Rotten Smell: Shellfish Producer Let Black Employee Be Harassed, EEOC Alleges in Suit

The workplace at the largest producer of shellfish in the United States was anything but hospitable to a black worker, according to a lawsuit filed on Wednesday by the Equal Employment Opportunity Commission.

According to the EEOC, Jeremy Daniels, hired as a maintenance technician at Taylor Shellfish Company’s Samish Bay Farm in Washington State, faced demeaning comments and stereotypes about his race and was regularly called variations of the “N word” as well as “spook” and “boy.”

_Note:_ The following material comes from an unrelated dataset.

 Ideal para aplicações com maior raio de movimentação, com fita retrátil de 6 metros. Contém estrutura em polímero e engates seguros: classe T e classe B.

The lawsuit under Title VII of the 1964 Civil Rights Act also charges that his supervisor retaliated against Daniels by assigning him less desirable jobs, publicly screaming profanities at him and writing him up for insubordination. Despite being notified of incidents, Taylor management failed to take any action and simply told Daniels to just get thicker skin and “put his head down and do what he was told,” so that he felt he had no choice but to quit in order to escape the harassment.

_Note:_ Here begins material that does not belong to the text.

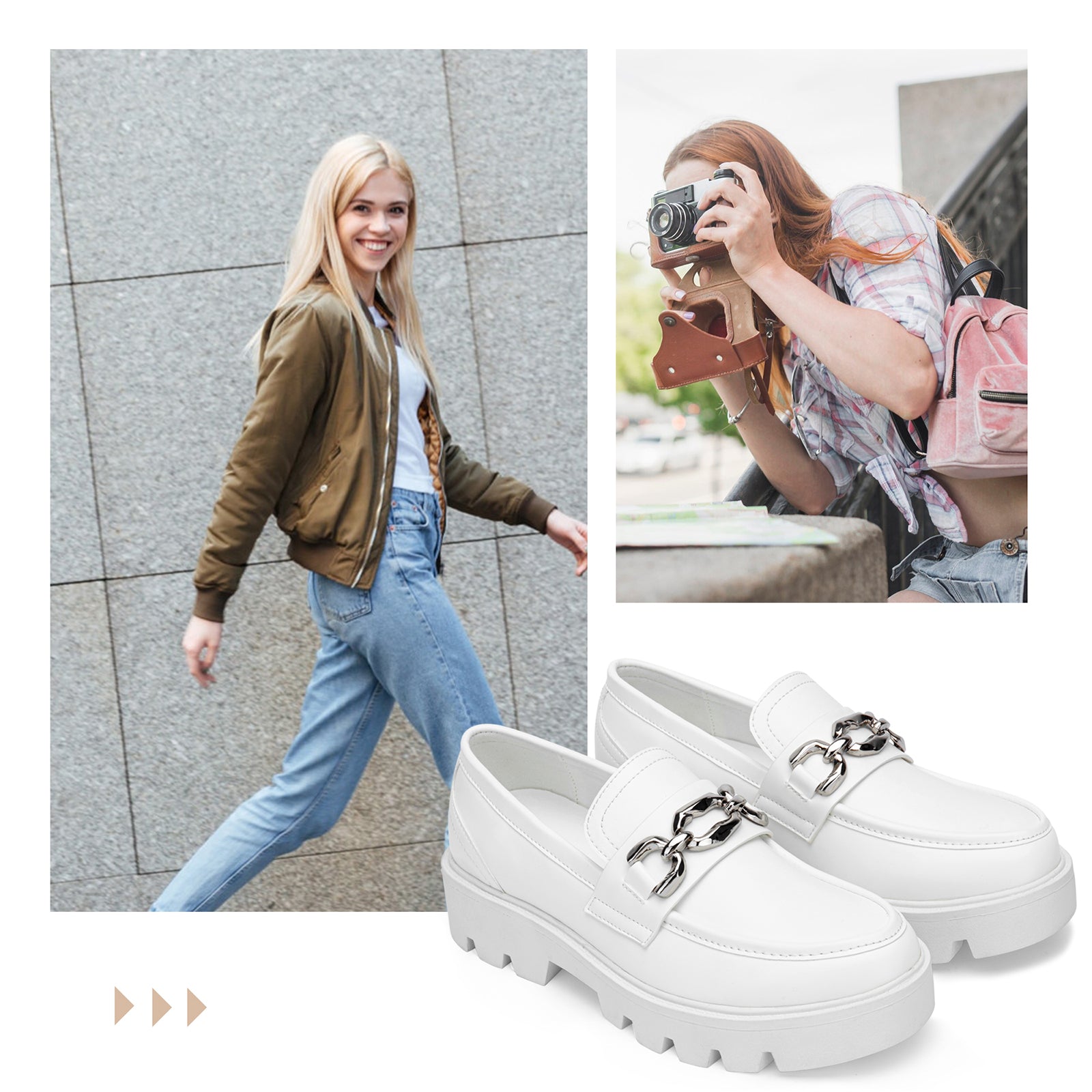 - Fashion loafers shoes are clothing matching formal wear, casual wear, jeans, and skirts. They are also suitable for various occasions such as travel, shopping, study, business, and work.

“My supervisor ‘welcomed’ me to the job with the information that I was the first black person to work at Taylor for a long time, and that his father used to run ‘my kind’ out of town,” Daniels said. “In the military, when I traveled around the world for my country, I never encountered anyone who made me feel that I was less than them simply because of the color of my skin. But when I went to work for Taylor, I was constantly robbed of my dignity for simply being black.”